Below are the entries. Transcribe exactly the lines from the one with "tres secciones |" through the one with "In-store customization experience: The", ends included, and leave out all others.

**AVAILABLE DATA**
*-*-*
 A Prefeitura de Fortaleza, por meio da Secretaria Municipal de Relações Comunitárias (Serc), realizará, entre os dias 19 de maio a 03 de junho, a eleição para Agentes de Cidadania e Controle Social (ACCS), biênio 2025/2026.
*-*-*
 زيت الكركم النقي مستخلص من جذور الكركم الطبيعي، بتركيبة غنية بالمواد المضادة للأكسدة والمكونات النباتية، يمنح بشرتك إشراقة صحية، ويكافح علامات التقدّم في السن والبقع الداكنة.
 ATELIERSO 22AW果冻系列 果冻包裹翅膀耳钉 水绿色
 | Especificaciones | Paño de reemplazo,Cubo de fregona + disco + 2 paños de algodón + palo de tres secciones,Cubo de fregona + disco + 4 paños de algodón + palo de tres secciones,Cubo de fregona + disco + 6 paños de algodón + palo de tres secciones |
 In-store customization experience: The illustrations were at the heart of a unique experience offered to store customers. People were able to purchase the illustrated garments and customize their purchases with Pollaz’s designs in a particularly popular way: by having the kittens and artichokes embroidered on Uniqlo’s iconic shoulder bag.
*-*-*
**FINISHED TASK**
 | Especificaciones | Paño de reemplazo,Cubo de fregona + disco + 2 paños de algodón + palo de tres secciones,Cubo de fregona + disco + 4 paños de algodón + palo de tres secciones,Cubo de fregona + disco + 6 paños de algodón + palo de tres secciones |
 In-store customization experience: The illustrations were at the heart of a unique experience offered to store customers. People were able to purchase the illustrated garments and customize their purchases with Pollaz’s designs in a particularly popular way: by having the kittens and artichokes embroidered on Uniqlo’s iconic shoulder bag.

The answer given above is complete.